There is nothing like a rainy day trip to separate the tourist from the travelers. I'm glad to say all 17 on board the Bayland express were travelers.

Our bus driver Beth soon had us on our way plotting the best route to avoid the heavy traffic. I was calling bingo when just outside of Hempstead Beth said she was stopping at McDonalds. I guess all the rain had gotten to her. She barely had the bus in park before she was off in a flash. Everyone else soon departed and I was left with the running bus and everyone's belonging. Beth returned shortly and I did what all the others did, went in and bought food and drink. It was not like we had not had breakfast and we were not going to eat in a couple of hours. I believe our motto should be "Never pass up an opportunity to eat." With all aboard we were off again.

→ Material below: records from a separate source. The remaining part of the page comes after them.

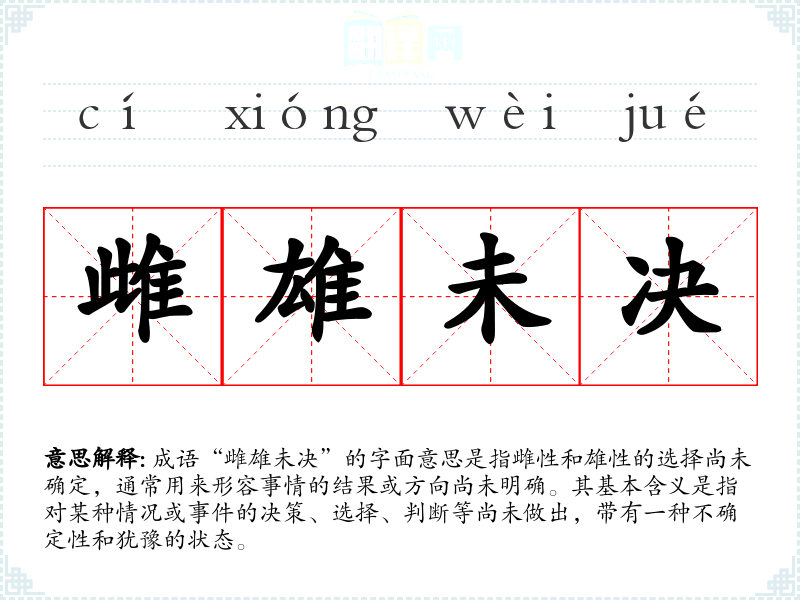 在英语中,可以用“undecided”或“at a crossroads”来表达类似的含义。但这些表达方式在文化语境下,可能缺乏“雌雄未决”所蕴含的动物性选择的细腻性。
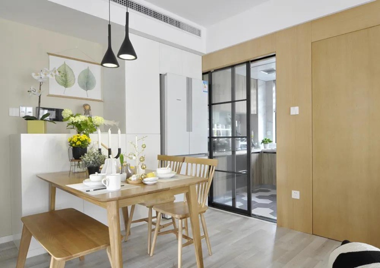 餐桌巧妙隔斷客廳與廚房的空間,美觀度與收納能力直線上升。
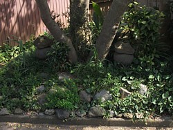 上: 道が狭くてすぐ上には新幹線の高架が通っており、お世辞にも環境が良いとは言えない。昔はかなり大きな塚だったと伝わっているが、
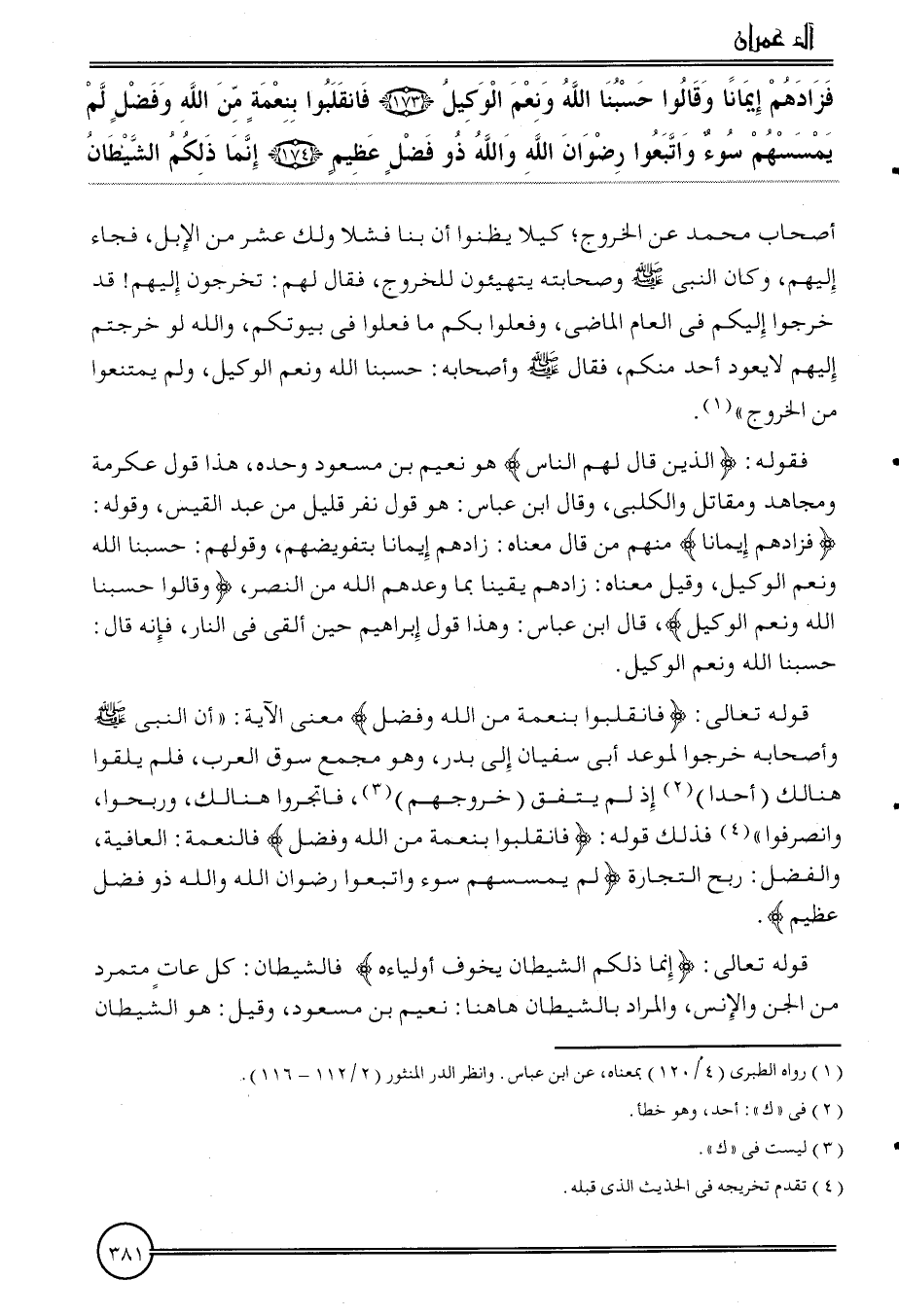 {فَزَادَهُم إِيمَانًا وَقَالُوا حَسبنَا الله وَنعم الْوَكِيل (173) فانقلبوا بِنِعْمَة من الله وَفضل لم يمسسهم سوء وَاتبعُوا رضوَان الله وَالله ذُو فضل عَظِيم (174) إِنَّمَا ذَلِكُم الشَّيْطَان}
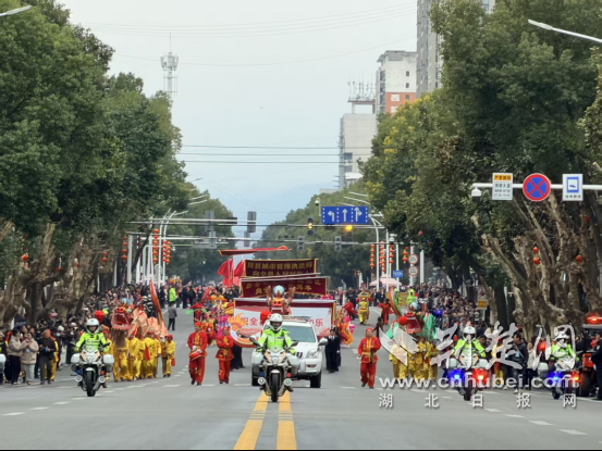 荆楚网(湖北日报网)讯(通讯员 夏凡 李宇杭) 3月1日(农历正月十三)上午,房县“诗酒美城·福满房县”正月十三民间文艺大巡游如期举行。46支巡游队伍、2000余名演职人员自房县唐城广场出发,沿1.5公里长街踏歌而行。10时许,天降喜雨,近20万余名群众热情不减,冒雨观看。
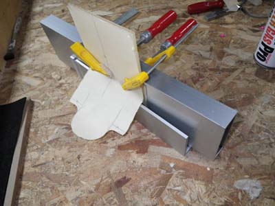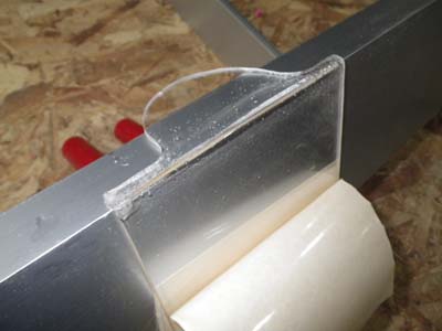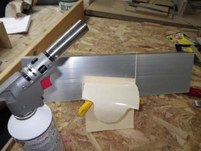 曲げ部分が適度に暖まった頃合いを見計らって、アルミアングルと角パイプでアクリル板を挟み込み、

In just about an hour we were pulling on to the parking lot of the St. Paul Lutheran Church of Serbin, Texas (for all those that might want to go in the future on their own it is just outside of Giddings, Texas). We were greeted in the church by Jack Wiederhold. With that last name I assumed Jack might be of German descent. As it turns out I was right; however, he was married to a lady of Wendish lineage. Jack was a most knowledgeable docent, having grown up in the community and being an acting member of St. Paul Lutheran Church. Jack told how Wends had been persecuted in Germany. The ruler at that time said only Catholics and Protestants could worship openly. He denied the Lutherans this right. So many of the Wends went to Australia; however, that was a long and expensive voyage. There were about 35 that ventured to Texas and wrote home how wonderful it was. These letters encouraged a congregation of 588 lead by Rev. Johann Kilian from Dauban, Saxony to sail on the "Ben Nevis" to Texas in 1854. This was not an easy journey. Along the way they had a bout with cholera on the sea and yellow fever when they arrived in Galveston. Due to these illnesses only 500 survived the escape. After going to Austin to purchase the land in Serbin for the settlers 95 acres were set aside for church purposes. This is the property that we visit today. They started with humble beginnings. A dog trot log cabin served as home for the pastor, school, and church. However, these were industrious people. When their cotton crops during the Civil War should have produced no income they prospered by taking the crops to Mexico and shipping them to Europe and getting top dollar.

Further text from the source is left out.